一种用于计算推断转录组覆盖率和微阵列灵敏度的快速方法。

A rapid method for computationally inferring transcriptome coverage and microarray sensitivity.

作者信息

Reverter A, McWilliam S M, Barris W, Dalrymple B P

机构信息

Bioinformatics Group, CSIRO Livestock Industries, Queensland Bioscience Precinct, 306 Carmody Road, St Lucia, QLD 4067, Australia.

出版信息

Bioinformatics. 2005 Jan 1;21(1):80-9. doi: 10.1093/bioinformatics/bth472. Epub 2004 Aug 12.

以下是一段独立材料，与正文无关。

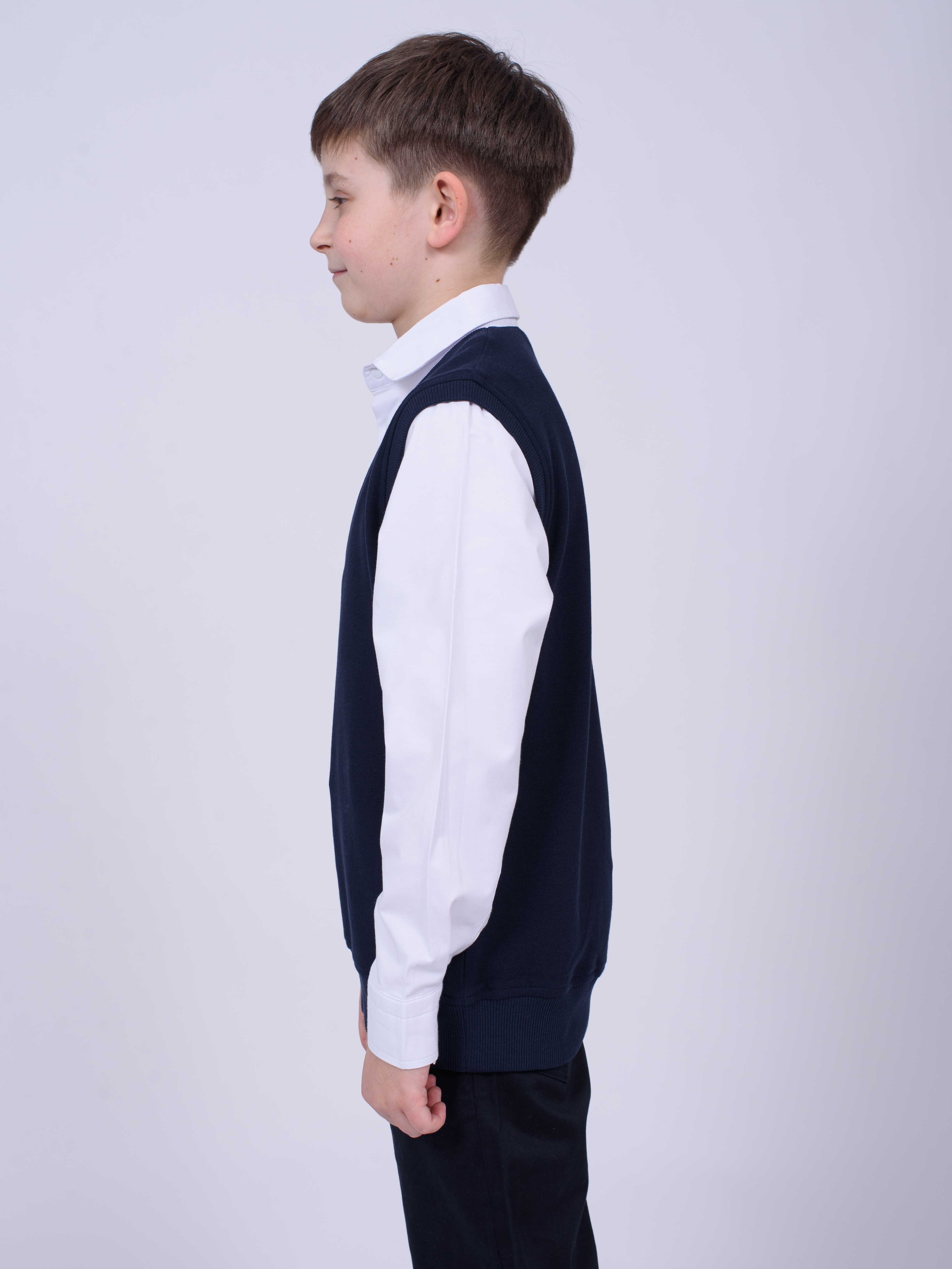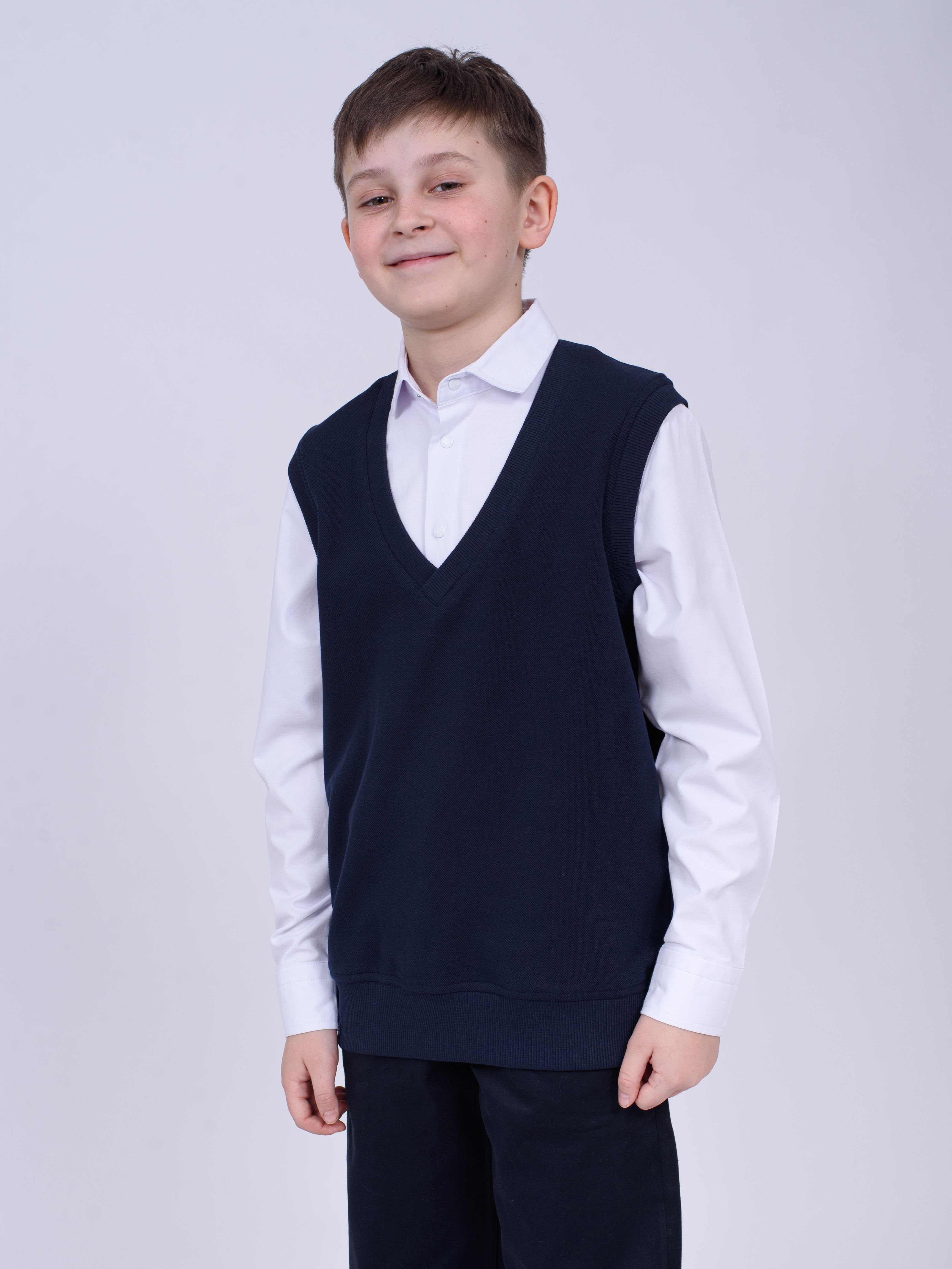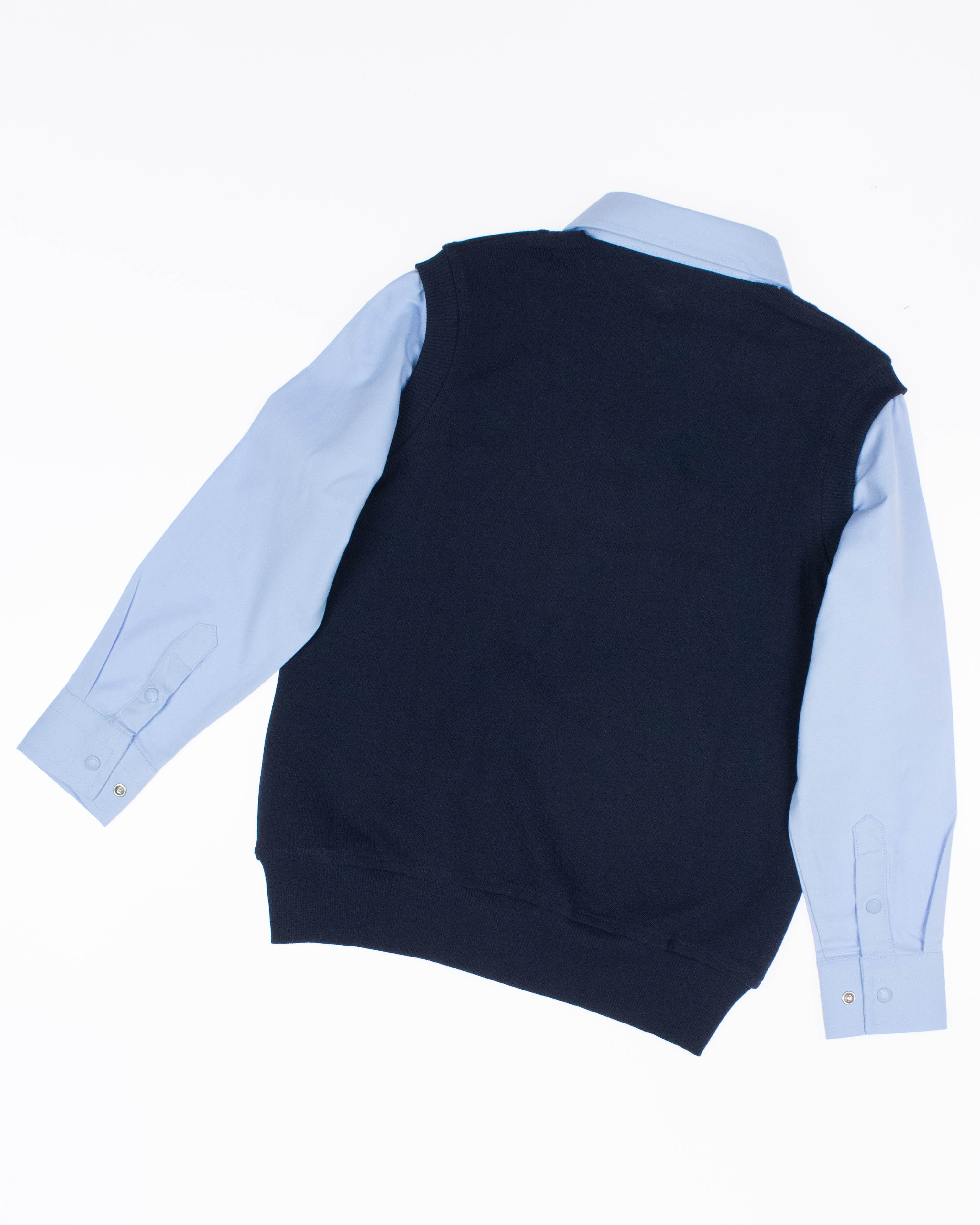 Школьный джемпер-обманка для мальчика оптом с имитацией рубашки выполнен из качественного хлопкового трикотажа с небольшим добавлением лайкры. Ворот сшит из рубашечной хлопковой ткани, застежка-кнопки.  Джемпер-обманка выглядит как полноценный комплект рубашки и джемпера. Мальчик будет всегда опрятен в школе, сохраняя при этом официальный дресс-код. Качество наших изделий подтверждают многократные стирки в стиральной машине, при которых жилет-обманка сохраняет прежний вид, без деформации и окрашивания рукавов или ворота. Торговая марка  CEGISA представляет большой ассортимент качественной, красивой, классической школьной и спортивной одежды турецкого производства для детей и подростков.

DOI:10.1093/bioinformatics/bth472

PMID:15308544

Abstract

MOTIVATION

There are many different gene expression technologies, including cDNA and oligo-based microarrays, SAGE and MPSS. For each organism of interest, coverage of the transcriptome and the genome will be different. We address the question of what level of coverage is required to exploit the sensitivity of the different technologies, and what is the sensitivity of the different approaches in the experimental study.

RESULTS

We estimate the transcriptome coverage by randomly sampling transcripts from a pre-defined tag-to-gene mapping function. For a given microarray experiment, we locate the thresholds in intensities that define the distribution of transcript abundance. These values are compared against the distribution obtained by applying the same thresholds to the intensities from differentially expressed genes. The ratio of these two distributions meets at the equilibrium defining sensitivity. We conclude that a collection of approximately 340,000 sequences is adequate for microarrays, but not large enough for maximum utilization of tag-based technologies. In the absence of large-scale sequencing, the majority of the tags detected by the latter approaches will remain unidentified until the genome sequence is available.

摘要

动机

存在多种不同的基因表达技术，包括基于cDNA和寡核苷酸的微阵列、SAGE和MPSS。对于每种感兴趣的生物体，转录组和基因组的覆盖程度会有所不同。我们探讨了要利用不同技术的灵敏度需要何种覆盖水平，以及在实验研究中不同方法的灵敏度如何。

结果

我们通过从预定义的标签到基因映射函数中随机抽样转录本来估计转录组覆盖度。对于给定的微阵列实验，我们确定定义转录本丰度分布的强度阈值。将这些值与通过对差异表达基因的强度应用相同阈值获得的分布进行比较。这两种分布的比率在定义灵敏度的平衡点处相交。我们得出结论，大约340,000个序列的集合对于微阵列来说是足够的，但对于基于标签的技术的最大利用来说还不够大。在没有大规模测序的情况下，后一种方法检测到的大多数标签在基因组序列可用之前仍将无法识别。